The "300 million yuan market value" delisting index will be implemented in July for small market value companies or marginalization

Our reporter Chang Xiaoyu

  There are only 2 trading days left before the delisting index of "300 million yuan market value" that will be implemented from July 1, when stocks with a total market value of less than 300 million yuan for 20 consecutive trading days will be terminated from listing.

  Back to the end of 2020, the Shanghai and Shenzhen Stock Exchanges issued new delisting regulations. On the basis of retaining the “face value delisting” and other transaction delisting standards, it set a “300 million yuan market value” delisting indicator and clarified the calculation of this indicator The deadline will start on July 1, 2021.

  "The exchange's newly added '300 million yuan market value' delisting indicator is an important manifestation of the market's decisive role and the continuous restoration of market ecology." Chang Chunlin, founding partner of Beijing Liwu Investment Management Co., Ltd., told a reporter from the Securities Daily. Market value is the result of a full game in the market. Companies with small market value often lack investment value and are hyped. Combining the current development status of the capital market, clearing companies with extremely low market value out of the market is also conducive to rational choice by investors and guide value Invest to realize the survival of the fittest in the market.

  However, judging from the current ranking of the total market value of listed companies in the A-share market, there has not been a listed company with a total market value of less than 300 million yuan.

"Securities Daily" reporter combed and noticed that as of the close of June 28, among the 4367 A-share listed companies, the companies closest to the "300 million yuan market value" delisting red line had a total market value of more than 800 million yuan.

Although there is still some distance from the "300 million yuan delisting indicator", there are 7 companies with a total market value of less than 1 billion yuan, all of which are *ST shares.

They are *ST Jintai, *ST Changdong, *ST Zhongxin, *ST Zhongdi, *ST Carey, *ST Tianlong and *ST Laxia.

Among the seven companies, *ST Jintai ranked the lowest in total market capitalization, with the latest market capitalization of 862 million yuan; the highest ranking was *ST Laxia, with the latest market capitalization of 989 million yuan.

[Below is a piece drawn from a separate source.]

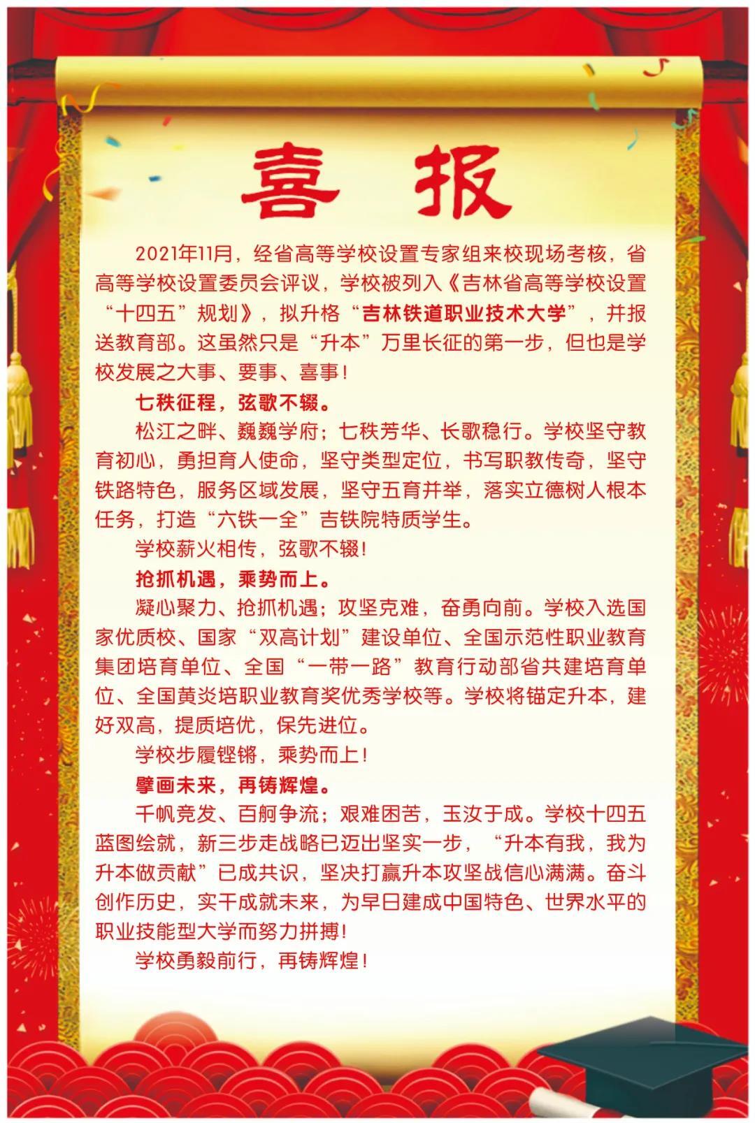 有些专科学校在自身努力发展和社会需要的情况下,会被升格为本科学校,在之前就有吉林忒到职业技术学院会升本的消息,但是一直都是道听途说,网上也有很多人问:“吉林铁道职业技术学院什么时候升本?”;“吉林铁道职业技术学院是几本?”的等一些问题,最紧吉林铁道职业技术学院官方发布了一则《喜报》,我们一起来看看。

  In addition, according to data from Oriental Wealth Choice, among the 7 listed companies with a total market capitalization of less than 1 billion yuan, 3 have an operating income of less than 100 million yuan in 2020; operating income is between 100 million yuan and 130 million yuan. There are 3 companies; the other *ST Laxia’s 2020 operating income is 1.819 billion yuan, but the company’s net profit in 2020 is 1.841 billion yuan.

  According to the published information, the average number of shareholders of the 7 companies is 15,979, and *ST Changdong, which has the highest number of shareholders, is 31,037.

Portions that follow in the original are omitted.